Linux (preferred, most automated):

hermes meet install --realtime                     # installs pulseaudio-utils
echo 'OPENAI_API_KEY=sk-...' >> ~/.hermes/.env
hermes meet join https://meet.google.com/abc-defg-hij --mode realtime
# then from the agent or CLI:
hermes meet say "Good morning everyone, I'm the note-taker bot."

macOS:

hermes meet install --realtime     # runs: brew install blackhole-2ch ffmpeg
# then — manually! — open System Settings → Sound → Input → BlackHole 2ch
echo 'OPENAI_API_KEY=sk-...' >> ~/.hermes/.env
hermes meet join https://meet.google.com/abc-defg-hij --mode realtime

On macOS, hermes will not switch your system audio input automatically — the user has to do it.
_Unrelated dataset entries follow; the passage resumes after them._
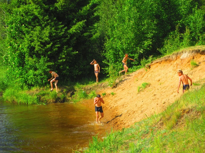 Есть, конечно, официальные пляжи, но их не всегда можно назвать комфортными и благоустроенными. Часто берега оборудованы помостами, с которых можно нырять. А на берегу максимум есть место, чтобы посидеть и выбросить мусор. Дно реки, чаще всего либо илистое, либо каменистое. Сама я редко отваживаюсь купаться в таких местах.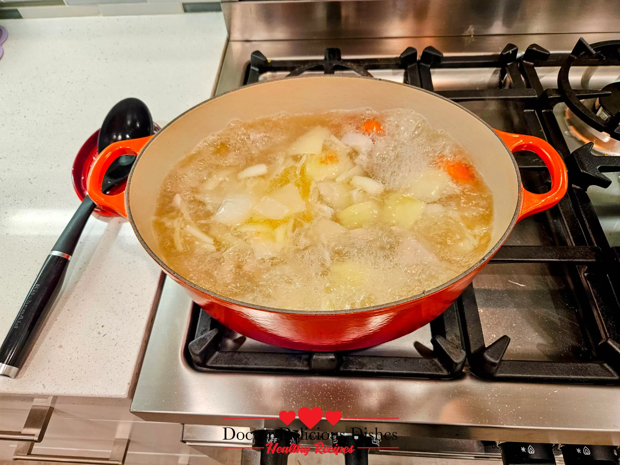 4. Combine and Simmer: 🍲 Transfer the cooked chicken and onions to the pot with your tender vegetables. Pour in enough fresh water to cover all the ingredients, then bring the mixture to a gentle simmer. This is where the magic starts to happen as the flavors begin to meld. ✨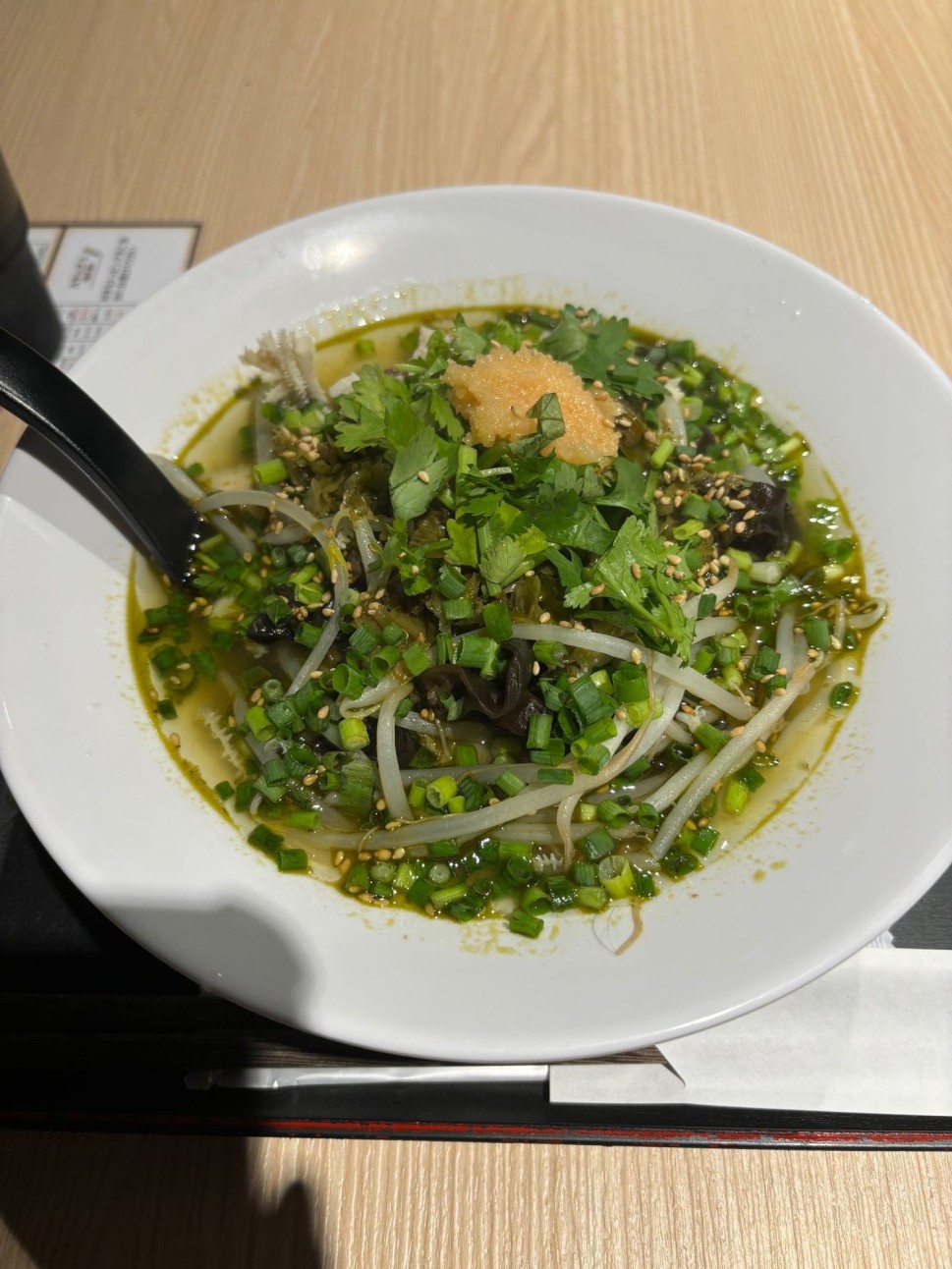 今回はスープは酸辣緑スープにしてみました!酸辣だとパクチー、ニンニク、ネギは追加¥50かかるみたい!

This is deliberate: switching default input on a whim would be a surprising side effect.

Remote node host

On the node machine (e.g. user's Mac with a signed-in Chrome):

pip install playwright websockets
python -m playwright install chromium
hermes plugins enable google_meet
hermes meet node run --display-name my-mac --host 0.0.0.0 --port 18789
# prints the bearer token on first run; copy it

On the gateway:

hermes meet node approve my-mac ws://<mac-ip>:18789 <token>
hermes meet node ping my-mac
# now any meet_* tool call accepts node='my-mac' (or 'auto')

Safety

  • URL gate: only https://meet.google.com/abc-defg-hij, /new, /lookup/<id>.
  • No calendar scanning, no auto-dial, no auto-consent announcement.
  • Node server uses bearer-token auth; no key exchange, no TLS termination built in — run it on a LAN or behind a reverse proxy you trust.
  • One active meeting per (gateway, node) pair. A second meet_join leaves the first.
  • meet_say refuses unless the active meeting was started with mode='realtime'.

Out of scope

  • Calendar scanning — deliberately not implemented. Join URLs must be explicit.
  • Multi-tenant node sharing — a node serves one gateway at a time.
  • Windows — audio bridging isn't tested; register() no-ops on Windows.
  • System audio input switching on macOS — user responsibility, not the bot's.